Parallelism Flexibility: The system provides flexibility to resume training using different parallelism strategies. You can change tensor parallelism, pipeline parallelism, or data parallelism sizes between checkpoint save and load operations.

Scalability: Handles all types of parallelism including:

Data Parallelism (DP): Replicates the model across multiple GPUs with different data batches
Tensor Parallelism (TP): Distributes individual layer parameters across GPUs
Pipeline Parallelism (PP): Assigns consecutive layers to different GPUs
Context Parallelism (CP): Shards tensors along the sequence dimension for long sequences
Expert Parallelism (EP): Distributes MoE expert weights across GPUs

Performance: The distributed optimizer shards optimizer states and master parameters across data-parallel ranks instead of replicating them, reducing memory usage and communication overhead.

Save Configuration#

Parameter	Type	Default	Description
`save`	`Optional[str]`	`None`	Output directory to save checkpoints to in Megatron format
`save_interval`	`Optional[int]`	`None`	Number of iterations between persistent checkpoint saves
`save_optim`	`bool`	`True`	Whether to save optimizer state
`save_rng`	`bool`	`True`	Whether to save random number generator state
`save_tokenizer_assets`	`bool`	`True`	Whether to save tokenizer files (vocab, config, special tokens) to checkpoint

Asynchronous Saving#

Asynchronous saving allows training to continue while checkpoint data is persisted to disk in the background, reducing the impact of checkpointing on training throughput.

Parameter	Type	Default	Description
`async_save`	`bool`	`False`	Enable asynchronous checkpoint saving (requires `torch_dist` format)

Load Configuration#

Parameter	Type	Default	Description
`load`	`Optional[str]`	`None`	Directory containing a model checkpoint to load in Megatron format
`load_optim`	`bool`	`True`	Whether to load optimizer state from checkpoint
`load_rng`	`bool`	`True`	Whether to load random number generator state from checkpoint
`load_main_params_from_ckpt`	`bool`	`False`	Load main parameters from checkpoint (use with `load_optim=False`)
`ckpt_step`	`Optional[int]`	`None`	Specific checkpoint iteration to load (overrides latest from tracker)
`exit_on_missing_checkpoint`	`bool`	`False`	Exit if specified checkpoint is not found instead of random initialization
`dist_ckpt_strictness`	`Literal[...]`	`"assume_ok_unexpected"`	Handling of key mismatches during distributed checkpoint load

Loading Specific Checkpoint Iterations#

By default, Megatron Bridge loads the latest checkpoint available in the specified directory by reading from the tracker file (latest_train_state.pt). However, you can explicitly load from a specific checkpoint iteration using the ckpt_step parameter.

Python API:

from megatron.bridge.training.config import CheckpointConfig

# Load latest checkpoint
checkpoint = CheckpointConfig(
    load="/path/to/checkpoint_dir"
)

# Load specific iteration
checkpoint = CheckpointConfig(
    load="/path/to/checkpoint_dir",
    ckpt_step=5000  # Overrides tracker, loads iter_0005000
)

Note

The load parameter should always point to the base checkpoint directory (not the iter_N subdirectory). The ckpt_step parameter overrides which iteration is loaded from that directory.

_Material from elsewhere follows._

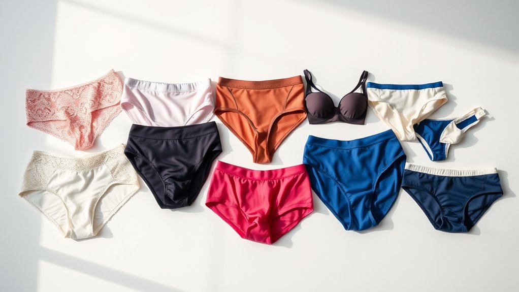 In 2025, I recommend trying a variety of underwear styles to boost comfort and confidence. Seamless bikinis, supportive boxer briefs, and breathable thongs are favorites for everyday wear, offering comfort without lines or chafing. High-waisted designs and full-coverage options provide tummy control and support. Fabrics like cotton, bamboo, and moisture-wicking materials keep you dry and comfortable all day. If you want to explore the top styles suited to your needs, keep going for the full breakdown.
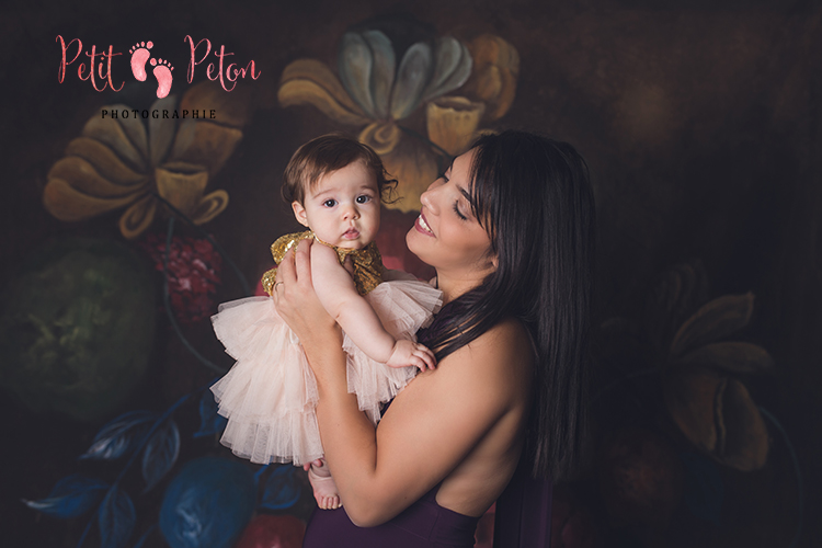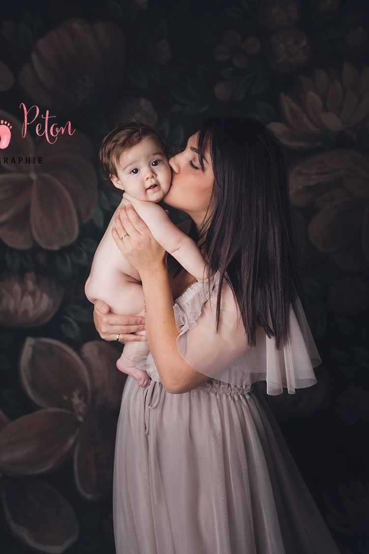 J’avais très envie depuis quelques temps de vous proposer des séances photos maman-bébé. La première année de bébé est une période qui passe à tout vitesse et quand on est maman on a juste envie que ce moment dure. C’est pourquoi j’ai imaginé une séance pleine de tendresse et d’amour entre une maman et son bébé dans un joli décor. Comme les séances en extérieur ne sont pas toujours l’idéal à cause de la météo, il est maintenant possible de réaliser cette séance en studio avec de jolis fonds fleuris. J’ai beaucoup aimé capturer le moment de complicité entre La jolie A. et sa maman.

Important: If ckpt_step is specified but the checkpoint directory does not exist, training will fail immediately with a FileNotFoundError. This is intentional to prevent accidentally starting training from scratch when you meant to resume from a specific checkpoint.

PEFT Note: The ckpt_step parameter applies only to the load path (adapter checkpoints), not to pretrained_checkpoint (frozen base model). When resuming PEFT training:

pretrained_checkpoint: Always loads the latest/release checkpoint (base model)
load + ckpt_step: Can load a specific adapter checkpoint iteration

Checkpoint Loading Strictness

When loading distributed checkpoints, there may be mismatches between the keys in the saved checkpoint and what the current model expects. This can happen when resuming training with different parallelism settings, model configurations, or software versions. The dist_ckpt_strictness parameter controls how these mismatches are handled:

assume_ok_unexpected: Assume unexpected keys are acceptable (default, most permissive)
log_unexpected: Log unexpected keys but continue loading
log_all: Log all key mismatches for debugging
raise_unexpected: Raise error on unexpected keys (stricter validation)
raise_all: Raise error on any key mismatch (strictest validation)
return_unexpected: Return information about unexpected keys
return_all: Return information about all key mismatches
ignore_all: Ignore all key mismatches completely

Fine-tuning Configuration

Parameter	Type	Default	Description
`pretrained_checkpoint`	`Optional[str]`	`None`	Directory containing pretrained model checkpoint in Megatron format for fine-tuning

Checkpoint Format

Parameter	Type	Default	Description
`ckpt_format`	`Literal["torch_dist"]`	`"torch_dist"`	Checkpoint format (PyTorch distributed checkpoint format)

Performance Optimizations

Parameter	Type	Default	Description
`fully_parallel_save`	`bool`	`True`	Apply full save parallelization across data parallel ranks
`fully_parallel_load`	`bool`	`False`	Apply full load parallelization across data parallel ranks
`ckpt_assume_constant_structure`	`bool`	`False`	Assume constant model/optimizer structure over successive checkpoint saves for performance optimizations

Checkpoint Contents

The checkpoint includes the following components when using the torch_dist checkpoint format:

Model parameters and optimizer states: Stored across .distcp files to support distributed training.
Training state: Captures the current iteration count, number of consumed samples, and the state of the learning rate scheduler.
Configuration: Serialized as a YAML file (run_config.yaml) containing the complete ConfigContainer.
Tokenizer files: All tokenizer artifacts (vocabulary, special tokens, config) for self-contained checkpoints.
Dataloader states: Ensures deterministic resumption of data iteration.
Metadata: Used for validating and correctly loading the checkpoint.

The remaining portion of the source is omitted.